Implement OpenAI function calling — define tools with JSON Schema, parallel and forced tool calling, multi-step tool orchestration loops, production patterns (retries, idempotency, timeouts, permissions), and building robust tool-augmented AI applications.

Table of Contents

  1. Tool Calling Fundamentals
  2. Tool Schemas
  3. Parallel Tool Calling
  4. Multi-Step Orchestration
  5. Production Patterns
  6. Built-In Tools & Advanced Config
What You’ll Learn: Function calling is how you give an AI model ‘hands’ — the ability to interact with the real world through your code. Instead of just generating text, the model can search databases, call APIs, update records, and trigger workflows. This article teaches you to design functions that the model understands intuitively, handle parallel calls, and enforce execution policies. Think of it like teaching a new employee which internal tools exist and how to use them.

1. Tool Calling Fundamentals

Function Calling Flow
sequenceDiagram
    participant User
    participant App
    participant Model as OpenAI Model
    participant Tool as Your Function

    User->>App: "What's the weather in London?"
    App->>Model: messages + tool definitions
    Model-->>App: tool_call: get_weather(city="London")
    App->>Tool: Execute get_weather("London")
    Tool-->>App: {"temp": 15, "condition": "cloudy"}
    App->>Model: messages + tool result
    Model-->>App: "It's 15°C and cloudy in London."
    App-->>User: Final answer
                        

Function calling is easiest to understand as a four-step handshake: define a schema, let the model decide whether a tool is needed, execute the tool in your own runtime, then feed the result back for synthesis.
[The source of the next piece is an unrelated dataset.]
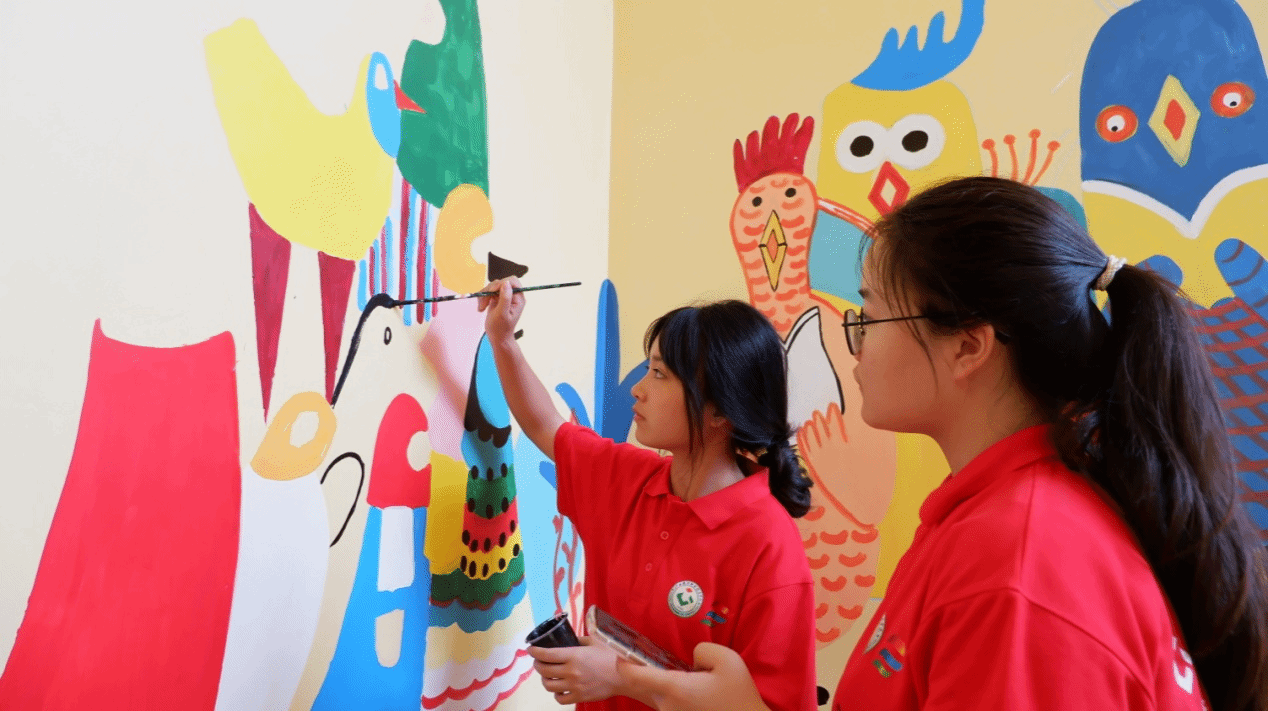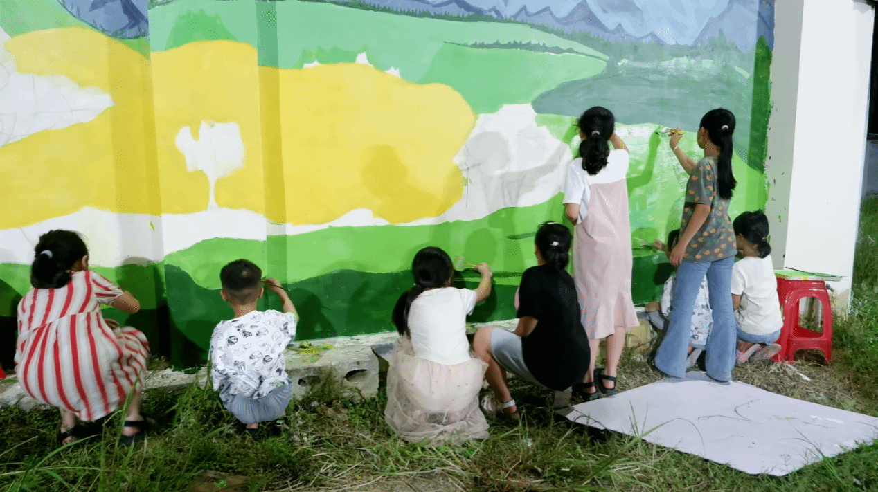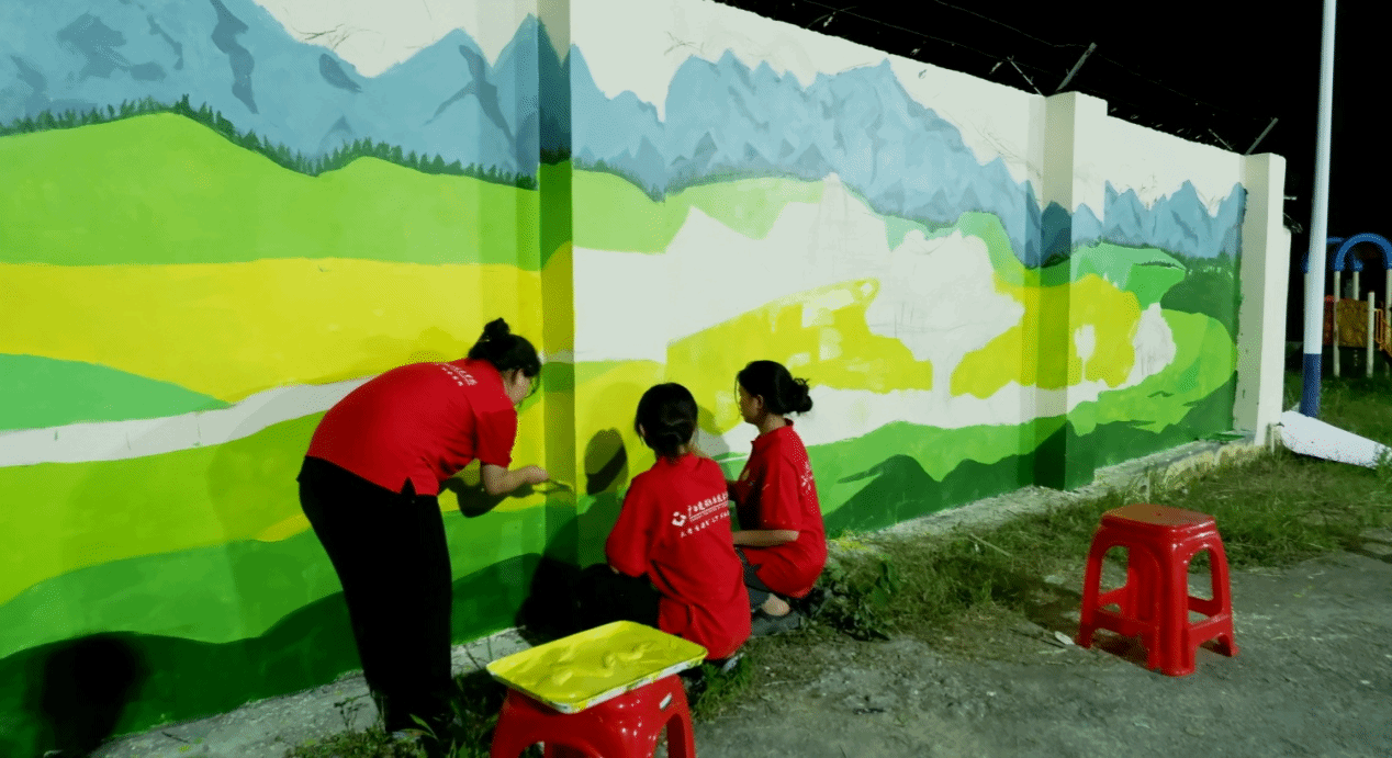 经过连日的努力,实践团圆满完成了河池市南丹县六寨社区党群服务中心外面约60平米的墙画绘制。同时,实践团还应当地苗苗幼儿园的需求,为幼儿园楼梯墙面等绘制了充满童趣的卡通形象墙,为幼儿园开展美育教育营造了良好的氛围。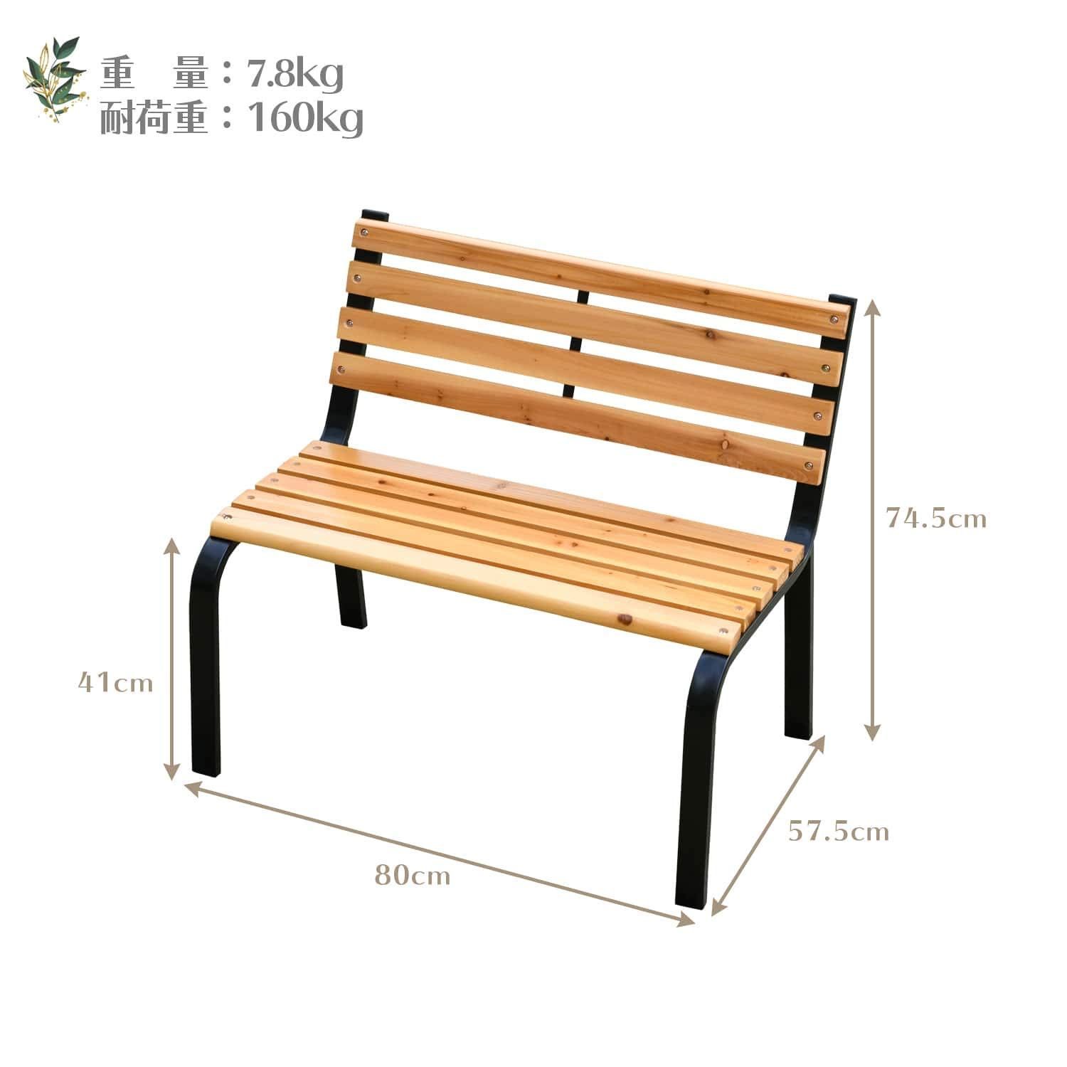 [山善] ガーデンベンチ ミニ 幅80×奥行57.5×高さ74.5cm スチールベンチ パークベンチ スチール 天然木 お庭 ベランダ テラス バルコニー 休憩所 喫煙所 ガーデンマスター KMB-80

The example below walks through that exact loop end to end.

from openai import OpenAI
import json

client = OpenAI()

# Define tools the model can call
tools = [
    {
        "type": "function",
        "function": {
            "name": "get_weather",
            "description": "Get the current weather for a city",
            "parameters": {
                "type": "object",
                "properties": {
                    "city": {"type": "string", "description": "City name"},
                    "units": {"type": "string", "enum": ["celsius", "fahrenheit"], "description": "Temperature units"},
                },
                "required": ["city"],
                "additionalProperties": False,
            },
        },
    }
]

# Step 1: Send message with tools
response = client.responses.create(
    model="gpt-4.1-mini",
    input="What's the weather in London?",
    tools=tools,
)

# Step 2: Check for tool calls in output
for item in response.output:
    if item.type == "function_call":
        print(f"Tool called: {item.name}({item.arguments})")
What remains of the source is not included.